Behind The Artwork – La Calle di Alex Webb

Claudia Fuggetti · 4 anni fa

Ci sono fotografi che non hanno bisogno di presentazioni, uno di questi è sicuramente Alex Webb, tra i più influenti esponenti nel panorama della street photography. Dopo essersi unito alla Magnum Photos all’età di 24 anni, la sua carriera è stata tutta un crescendo.

Nel suo libro, La Calle, sono raggruppate 86 fotografie che raccolgono il lavoro prodotto da Webb nel corso dei suoi numerosi viaggi in Messico tra il 1975 e il 2007. Una delle caratteristiche che più contraddistinguono il lavoro del fotografo è l’uso del colore e quindi ci deve sorprendere il fatto che all’interno della raccolta siano presenti anche otto immagini in bianco e nero. In effetti, bisogna ricordare che i primi scatti di Webb, che erano in bianco e nero, gli permisero di attirare l’attenzione di Magnum.

In uno di questi, troviamo quello del ragazzino nel cimitero, realizzato nel 1978, mentre dietro di lui si delinea un’altra scena, in cui si vedono due uomini a cavallo ed arricchita dal contesto decadente della location. Questo scatto, che sembra apparentemente semplice, racchiude una complessità notevole.

Se già con il bianco e nero non vi erano dubbi sul grande talento di Webb, con il passaggio alla fotografia a colori si delinea chiaramente quello che sarà il suo stile. A questo bisogna aggiungere anche che una delle peculiarità del Messico è proprio quella di possedere colori brillanti: in La Calle, Webb associa il passaggio dal bianco e nero alla sua prima esperienza nella città di Oaxaca:

“Ho iniziato ad intuire quello che Octavio Paz ha chiamato “messicanesimo”: delizia nelle decorazioni, disattenzione e fasto, negligenza, passione e riservatezza”.

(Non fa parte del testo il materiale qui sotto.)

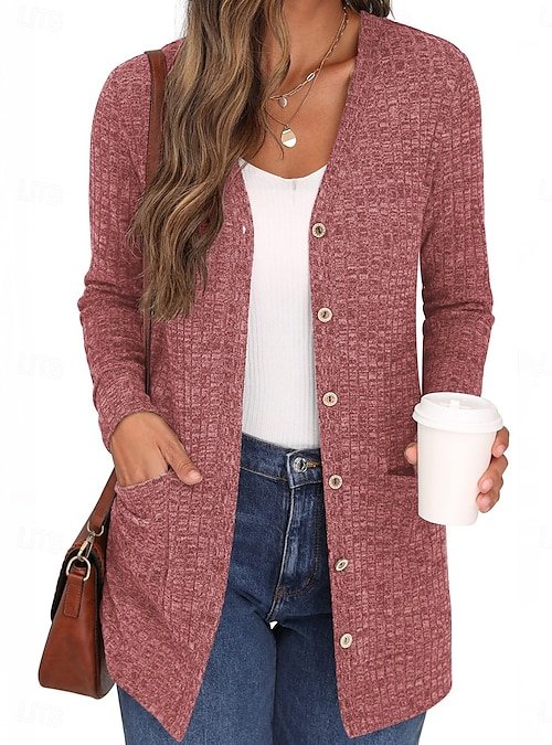 Long Cardigans extend below the hips and can be a stylish layering piece, often reaching the knee or even the ankle.

Il messicanesimo, dunque, rappresenta il rischio di essere rapiti dai dettagli estetici del Messico e di dover raccontare questa terra solo attraverso dei cliché visivi.

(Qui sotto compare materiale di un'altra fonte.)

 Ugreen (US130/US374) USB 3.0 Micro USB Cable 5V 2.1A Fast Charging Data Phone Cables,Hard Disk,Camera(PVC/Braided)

Come si può vedere dalle immagini qui sopra, Webb ha dedicato il suo lavoro alla vita di strada (La Calle), immortalandone i momenti salienti con una resa impeccabile, perfetta, molto lontana dal famoso rischio meramente estetizzante. I colori ci sono ma fanno parte della narrazione globale, non ne sono il punto cardine.

Webb immortala i suoi personaggi delicatamente, con dignità e rispetto, nonostante la luce delle immagini sia dura e fortemente contrastata.

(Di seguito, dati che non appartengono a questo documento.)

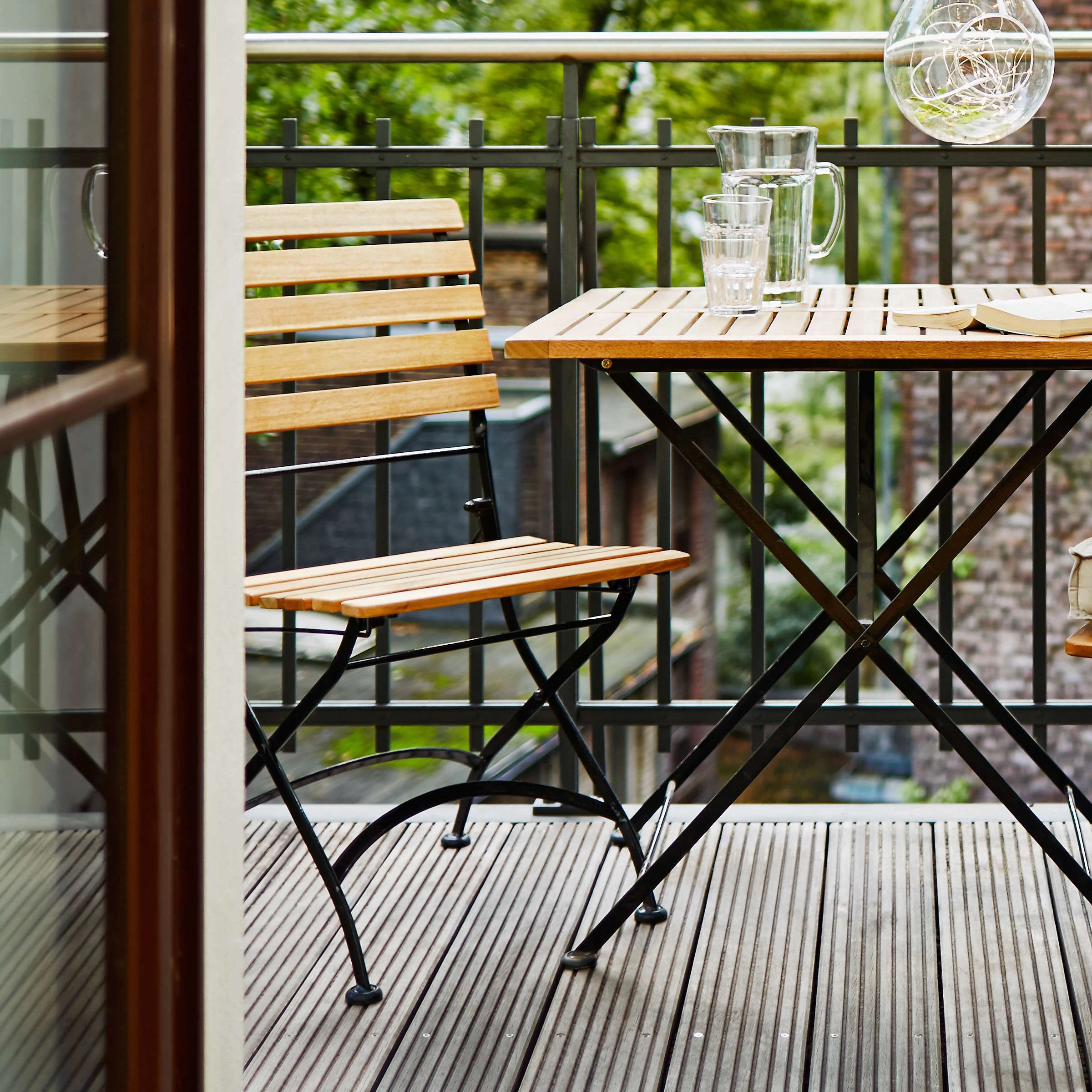 Klappbare Gartenmöbel wie das 3-teilige Parklife Gartenmöbel-Set mit Tisch und vier Stühlen sind einfach unschlagbar. Wenn Sie morgens und nachmittags in der Sonne sitzen wollen. Wenn Sie zwischendurch Platz für eine Partie Croquet brauchen. Oder wenn Ihr Schuppen bzw. Ihre Garage kleiner ist als ein Flugzeughangar. Und wenn Sie das Wegklappen mal vergessen – die wetterfesten Outdoor-Möbel sind nach handwerklicher Tradition aus geöltem Akazienholz und verzinktem Metall gefertigt und trotzen auch mal einem kleinen Schauer.

Molte delle fotografie sono “mise en-scènes” complesse, ovvero utilizzano luce, ombra e colori in modo straordinario. In “Ajijic, Jalisco” (1983), una ragazza cammina lungo un marciapiede, il suo movimento genera delle ombre sul pavimento che arricchiscono la composizione della scena.

Webb ha il grande dono di saper trarre dalla realtà esattamente ciò che vuole; il mondo diventa quasi modellabile nelle sue mani e gli permette di includere ed occludere ciò che vuole all’interno delle scene. Purtroppo però non è sempre così. Un esempio a tal riguardo è lo scatto che raffigura un uomo a terra, immagine in grado di lasciarci più domande che risposte. Forse questa è la vera magia di Webb e, più in generale, della fotografia.